-- Records supplied --
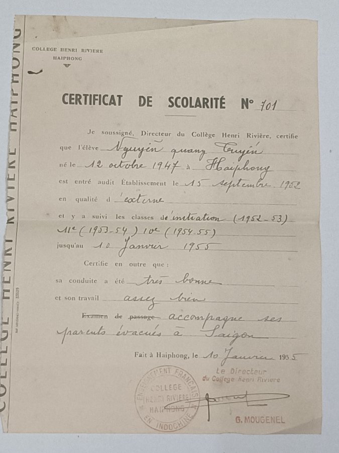 Giấy nhận xét đông dương ( giới thiệu) cho người di cư vào Sài Gòn !
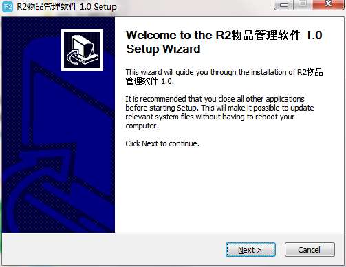 3.双击打开,进入R2办公用品管理软件界面,点击下一步
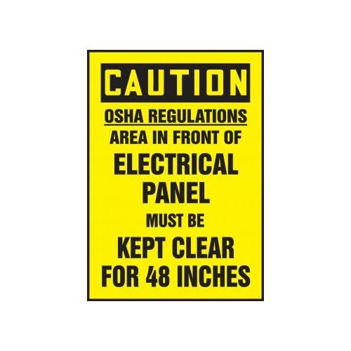 Accuform, LELC619VSP, 5" x 3-1/2" OSHA Caution Safety Label "OSHA Regulations - Area In Front Of Electrical Panel Must Be Kept Clear for 48 Inches" Adhesive Vinyl
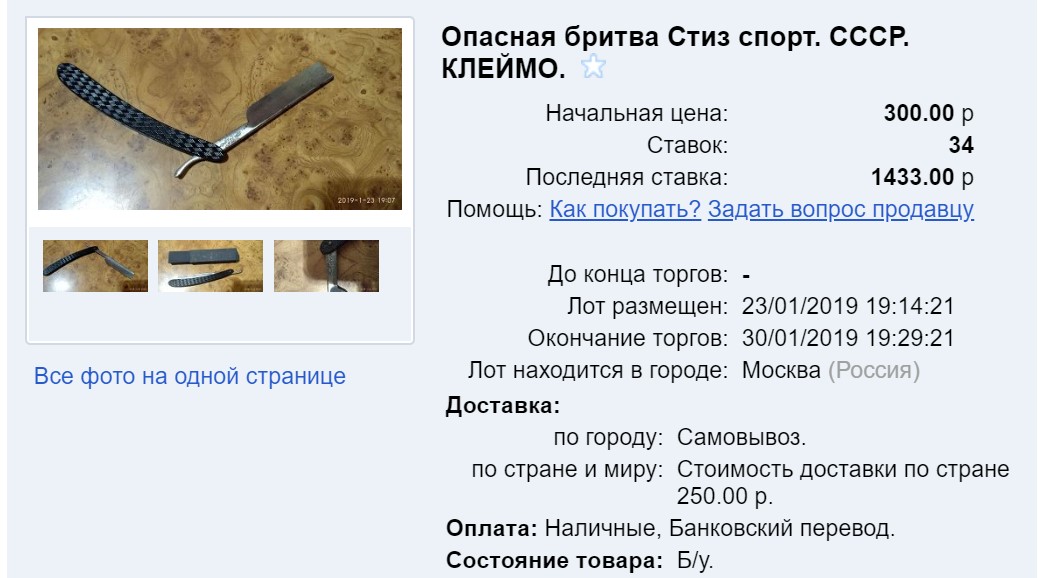 Что-то раньше я не особо собирал аукционы, поэтому пока их не много и выводы делать рано. Вот наберется штук 100 по советским бритвам, и сотня по иностранным, тогда и обработаем статистику.
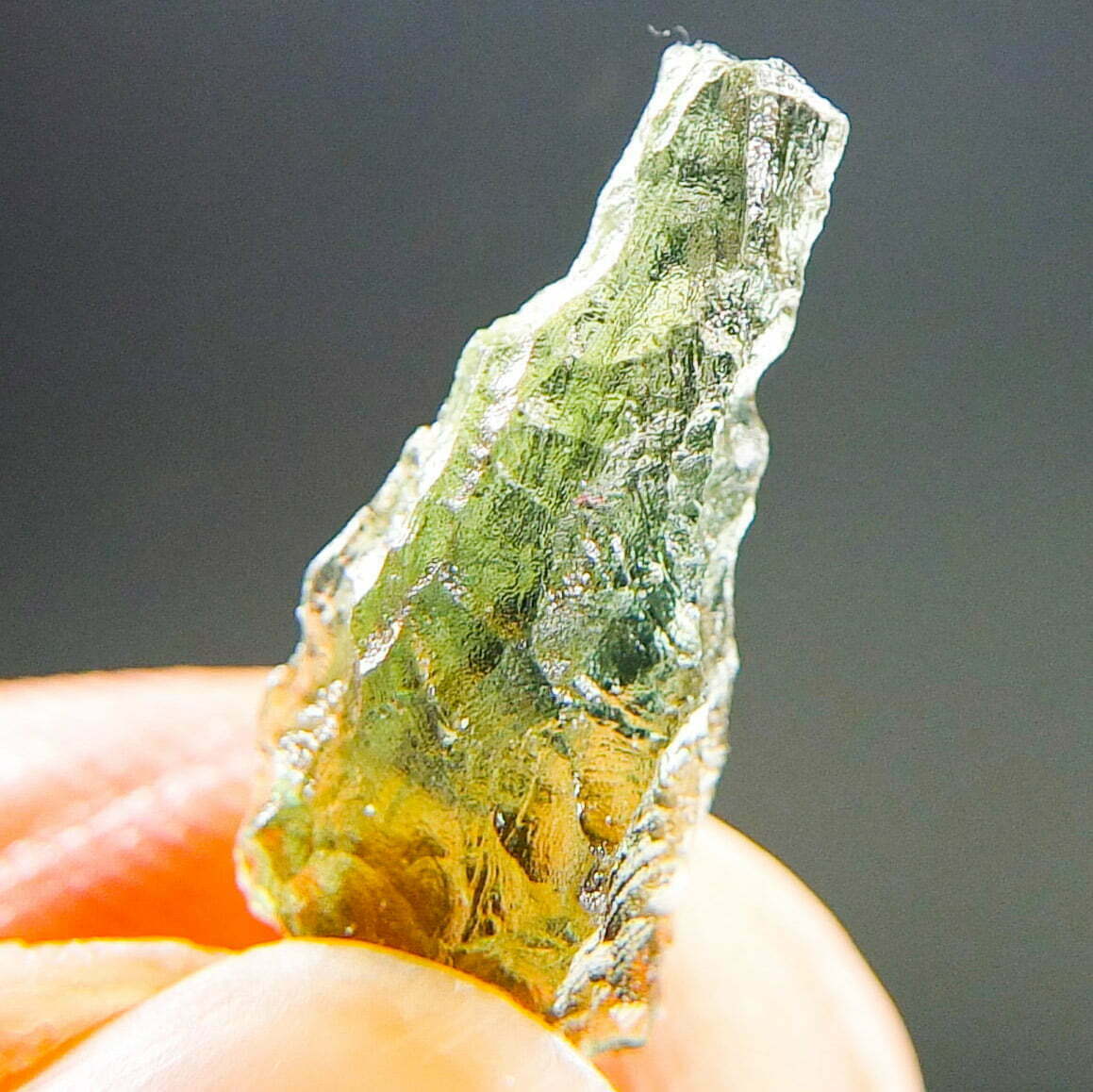 Certified Moldavite with A+ quality. From deposit Chlum. Shape: Drop.
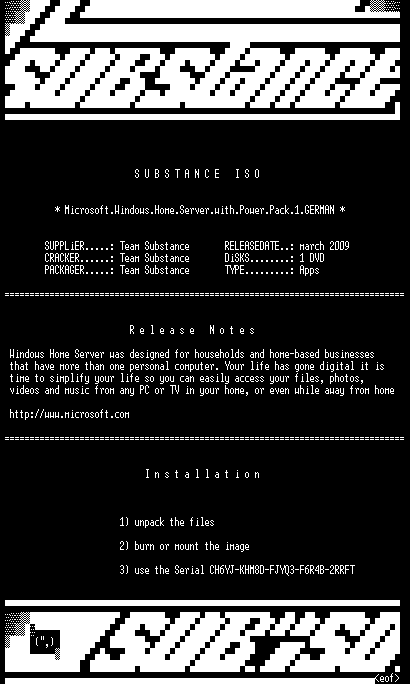 | FiLENAME: | Microsoft Windows Home Server with Power Pack 1 GERMAN-Substance.iso |
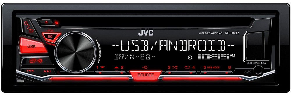 Autorádio s CD přehrává MP3/WMA/WAV/FLAC z USB. Má červené podsvícení tlačítek.
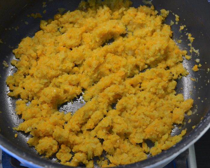 • Разогреть в сковороде оставшееся масло и жарить лук, морковь и сельдерей 10 минут, помешивая.
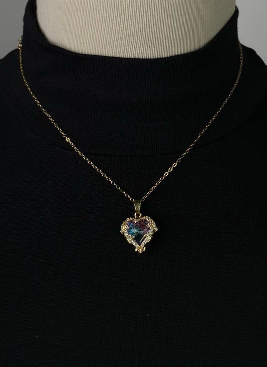 قلادة قلب مزغرف مع فص
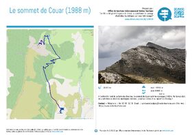 A partir de la citerne suivre la piste et après la première épingle prendre le sentier balisé jaune direction le carton. Avoir croisé un petit ru le sentier se met à sinuer, (gauche, droite, gauche, droite, et une dernière fois à gauche pour reprendre la piste. Il faut la suivre jusqu’au pas d’Archail avec en vue sur la droite le majestueux et élégant Cheval Blanc. Un peu avant d’arriver aux Cabanes du Pas d’Archail, prendre le sentier balisé jaune sur la gauche, direction le Couar. Pour arriver au sommet les balises sont marquées, le sentier bien tracé, la pente est régulière. Après 1,5 km d’ascension la vue s’offre sans réserve à 360 °…
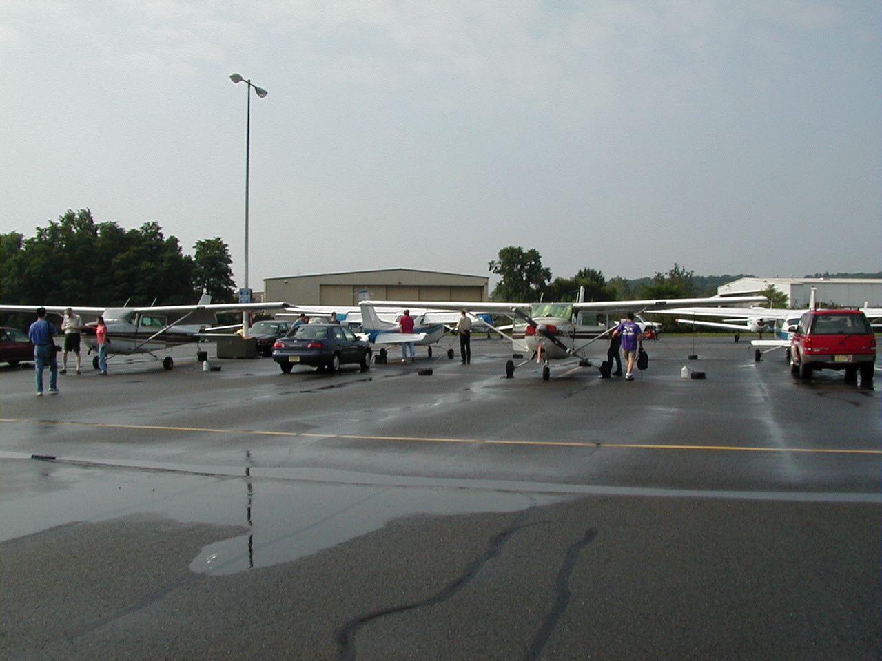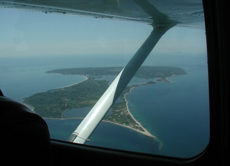 In the summer of 2003 we went to Block Island. This time, the weather was lovely; a cold front had just passed, the winds had diminished and visibility was 50 miles. We took three planes and flew to Block Island along the coast of Connecticut. After lunch on the island and walking around, we flew back using different routes; I flew back over the Long Island Sound, got flight following and cleared into the Class Bravo airspace to fly over La Guardia and Central Park (at 2000 feet) to the Hudson River. We descended into the exclusion zone, flew by `the Lady’, over the Verrazano Narrows Bridge, around Staten Island and back to Morristown. Here are some of the pictures:
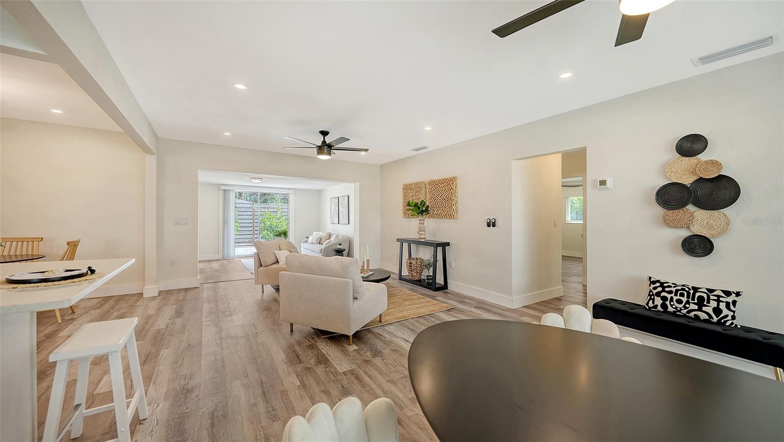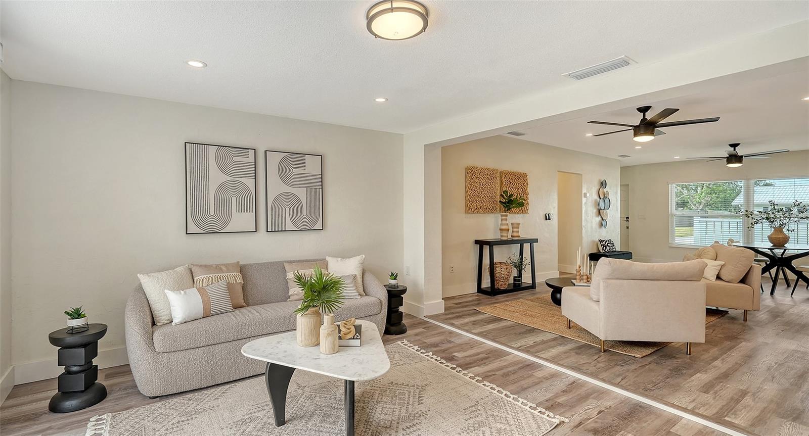 Welcome to 2825 Pinecrest, a stylishly reimagined 4-bedroom, 2-bathroom home located in one of Sarasota's most established neighborhoods. Thoughtfully renovated from top to bottom, this Southgate gem blends modern comfort with timeless Florida charm.Inside, you'll find an open-concept living space flooded with natural light, featuring luxury vinyl plank flooring, recessed lighting, and hurricane-rated windows throughout. The sleek kitchen offers an oversized pantry and flows seamlessly into both the dining area and living spaces. The primary suite is generously sized with a walk-in closet and an updated en-suite bathroom. Three additional bedrooms offer versatility for guests, work-from-home needs, or growing families. Nearly every major system has been upgraded, including a new roof, new electrical and plumbing, new AC and water heater, and a new garage door--making this a true turn-key opportunity. Step outside into a fully fenced backyard with room for a pool, shaded lounging areas, or weekend gatherings. There's also a large, detached shed for extra storage or hobby space. Best of all, you're just minutes from top-rated schools, downtown Sarasota, and world-famous Siesta Key Beach. Optional membership to the South Gate Community Center and pool adds to the neighborhood's appeal.
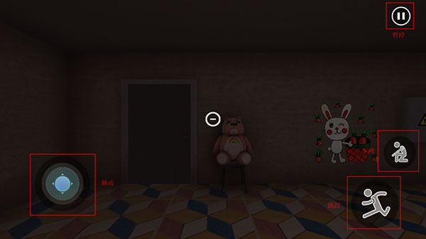 2、在自由探索中,左边为移动按钮,右边分别是跳跃与下蹲,右上角可以暂停和返回主页;
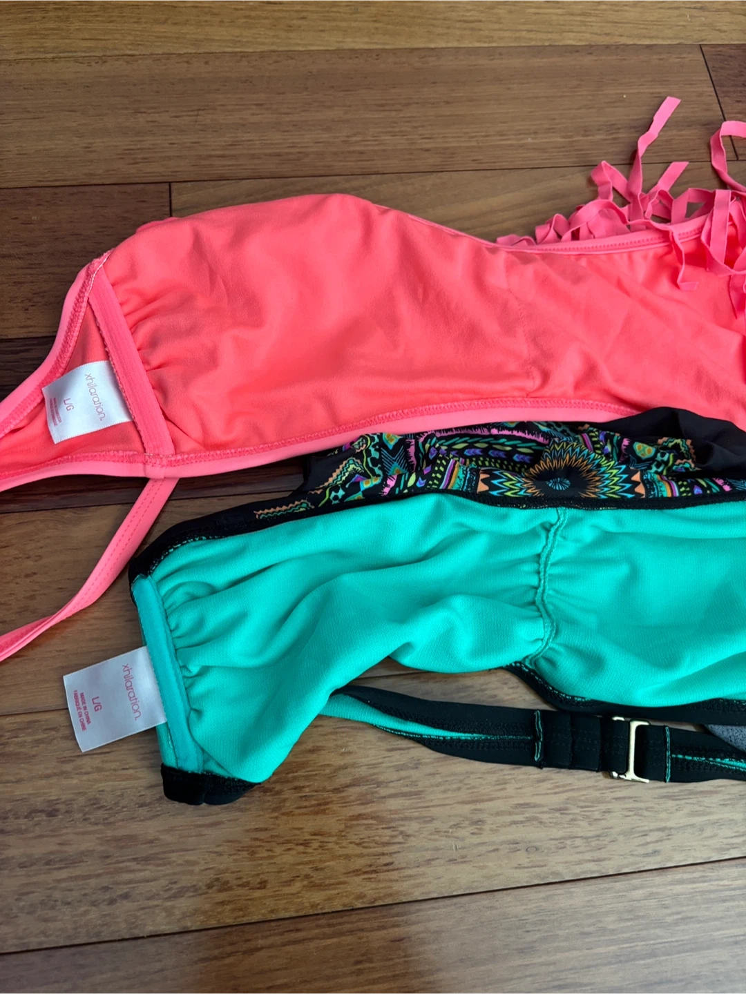 A collection of four bikini pieces including 3 tops and 1 bottoms. One pink /coral fringed top is size L/G. A teal bikini top is size L/G. A patterned bikini bottom is size XL ..A blue bikini bottom is size L/G

-- What is needed --
Although the records above contain pictures, the copy must not; set down exactly the lines from the one with "Autorádio s CD" up to and including the one with "قلادة قلب مزغرف مع فص".

-- Answer for this exercise --
 Autorádio s CD přehrává MP3/WMA/WAV/FLAC z USB. Má červené podsvícení tlačítek.
 • Разогреть в сковороде оставшееся масло и жарить лук, морковь и сельдерей 10 минут, помешивая.
 قلادة قلب مزغرف مع فص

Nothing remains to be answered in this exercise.